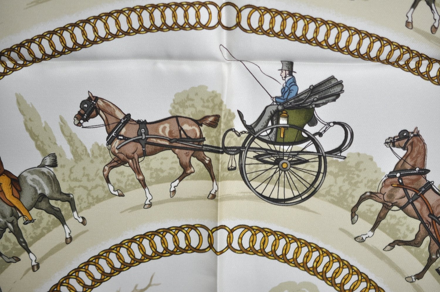 | Authentic HERMES Carre 90 Scarf "LA PROMENADE DE LONGCHAMPS" Silk Red Box | |
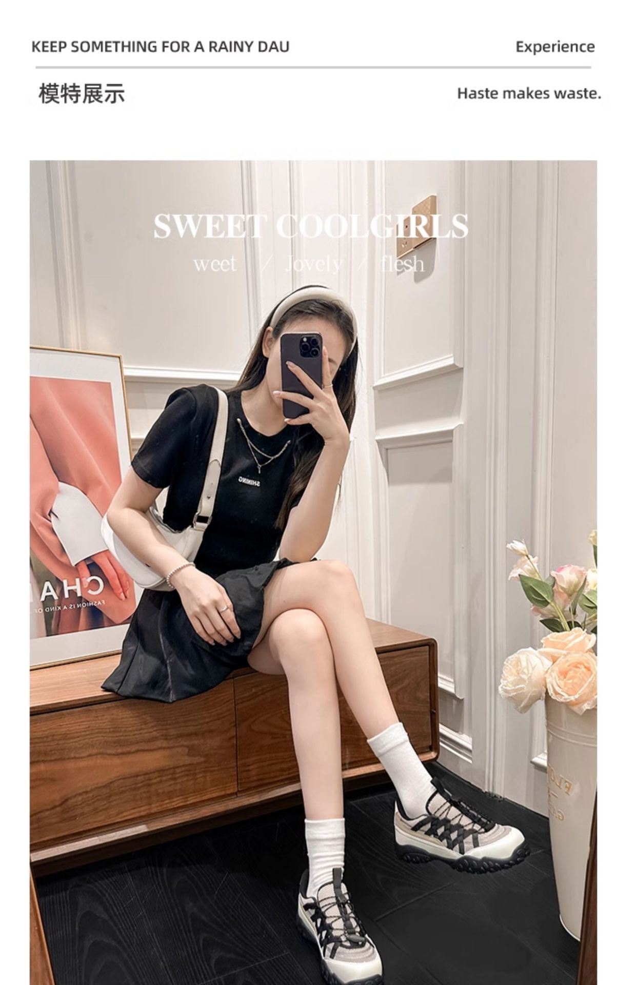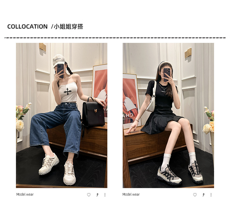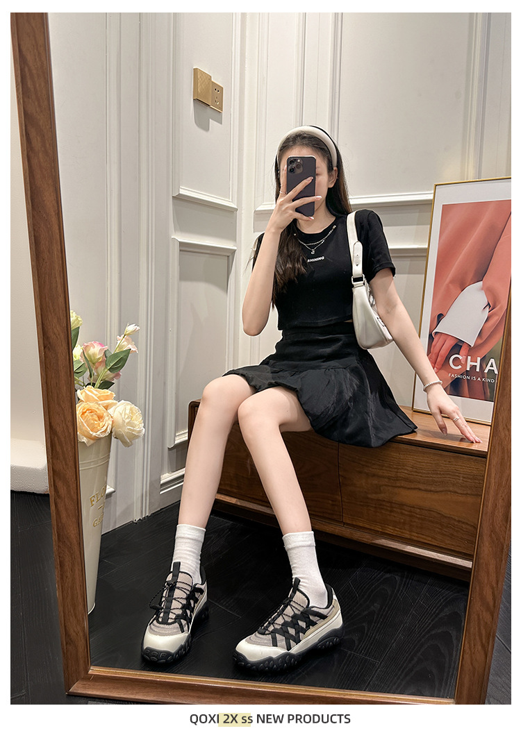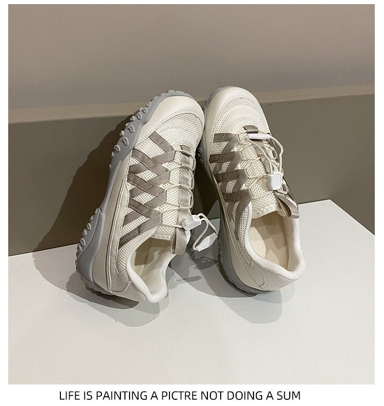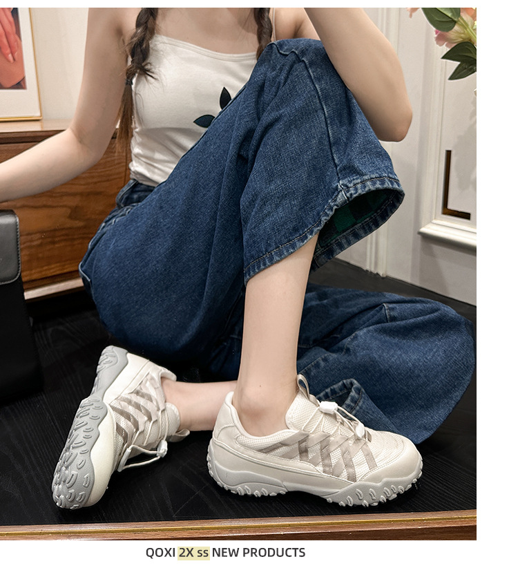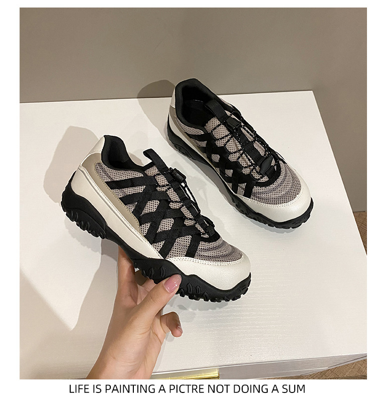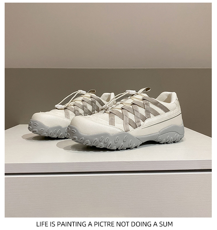 Cowhide 버전 ~ Han Suxi 두꺼운 밑창 캐주얼 운동화 여성 등산 플랫폼 신발 발레 리본 토레 신발스토어 가기
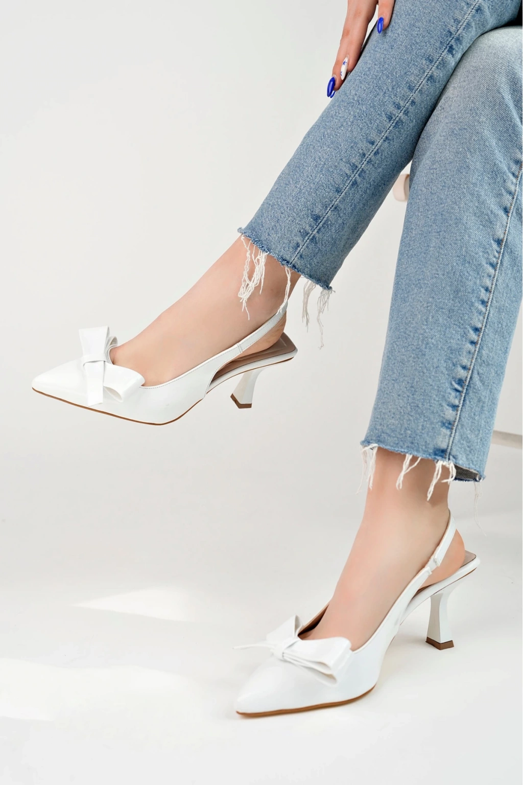 - Günlük kullanım için ideal, rahat ve şık tasarımıyla dikkat çeken siyah topuklu ayakkabı.- Orta boy ince topukları sayesinde hem konforlu hem de zarif bir duruş sunar.- Sivri burun tipi ile modern ve feminen bir görünüm sağlar.- Tokalı detayları ile sofistike bir stil vurgusu yapar.- Her mevsime uygun, casual ve günlük ortamlarda rahatlıkla tercih edilebilir.- Bantlı bağlama şekli pratik kullanım imkanı tanırken, ayak bileğini destekler.- Düz deseniyle kolayca kombinlenebilir; her türlü kıyafetle uyum sağlar.- Suni deriden üretilmiş astarı ve iç taban materyali ile uzun süreli konfor sunar. - Ortopedik taban desteği sayesinde gün boyu rahatlık hissi verir.
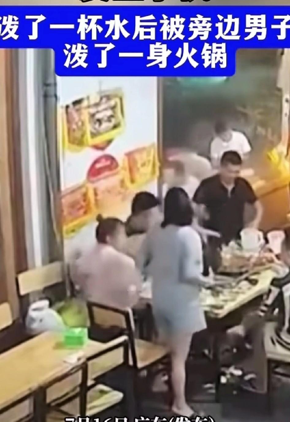 火锅店里,一位女人把水泼向男人的脸。没想到,男人的反击来的那么猛烈,周边的人都惊
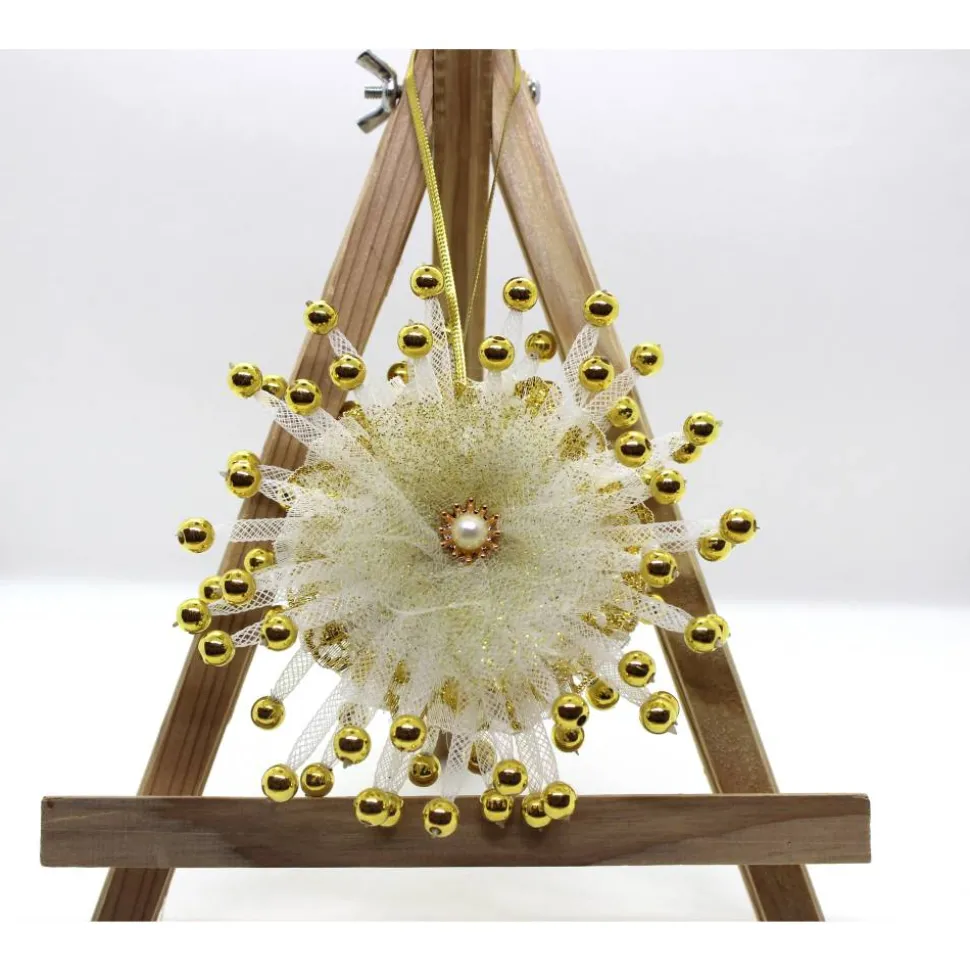 Der Stern ist aus funkelndem, goldglänzendem Tüll gefertigt und mit goldenen Kugeln akzentuiert, die ihm eine besonders festliche Note verleihen. Im Zentrum befindet sich eine liebevoll eingearbeitete Perle, die von einem filigranen Blütenmuster aus Glasperlen umgeben ist. Das Design strahlt Eleganz und Festlichkeit aus, perfekt für die besinnlichste Zeit des Jahres.
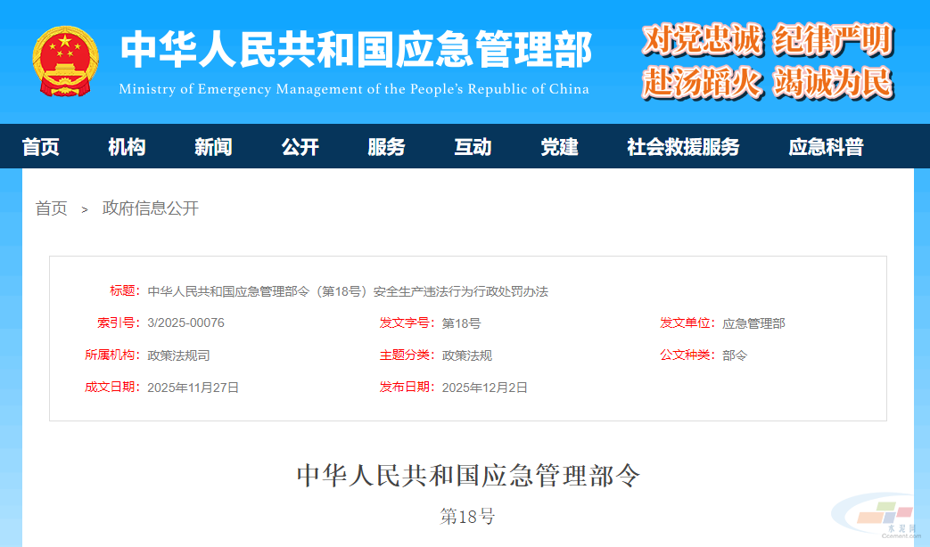 12月2日,中华人民共和国应急管理部公布《安全生产违法行为行政处罚办法》,自2026年2月1日起施行。原文如下:

☆ ☆ ☆ ☆ ☆ ☆ ☆

■ **Required work**
No pictures should appear in the answer, which is to be the lines from the line with "- Günlük kullanım" through the end of the records above, restated exactly.

■ **Result**
 - Günlük kullanım için ideal, rahat ve şık tasarımıyla dikkat çeken siyah topuklu ayakkabı.- Orta boy ince topukları sayesinde hem konforlu hem de zarif bir duruş sunar.- Sivri burun tipi ile modern ve feminen bir görünüm sağlar.- Tokalı detayları ile sofistike bir stil vurgusu yapar.- Her mevsime uygun, casual ve günlük ortamlarda rahatlıkla tercih edilebilir.- Bantlı bağlama şekli pratik kullanım imkanı tanırken, ayak bileğini destekler.- Düz deseniyle kolayca kombinlenebilir; her türlü kıyafetle uyum sağlar.- Suni deriden üretilmiş astarı ve iç taban materyali ile uzun süreli konfor sunar. - Ortopedik taban desteği sayesinde gün boyu rahatlık hissi verir.
 火锅店里,一位女人把水泼向男人的脸。没想到,男人的反击来的那么猛烈,周边的人都惊
 Der Stern ist aus funkelndem, goldglänzendem Tüll gefertigt und mit goldenen Kugeln akzentuiert, die ihm eine besonders festliche Note verleihen. Im Zentrum befindet sich eine liebevoll eingearbeitete Perle, die von einem filigranen Blütenmuster aus Glasperlen umgeben ist. Das Design strahlt Eleganz und Festlichkeit aus, perfekt für die besinnlichste Zeit des Jahres.
 12月2日,中华人民共和国应急管理部公布《安全生产违法行为行政处罚办法》,自2026年2月1日起施行。原文如下:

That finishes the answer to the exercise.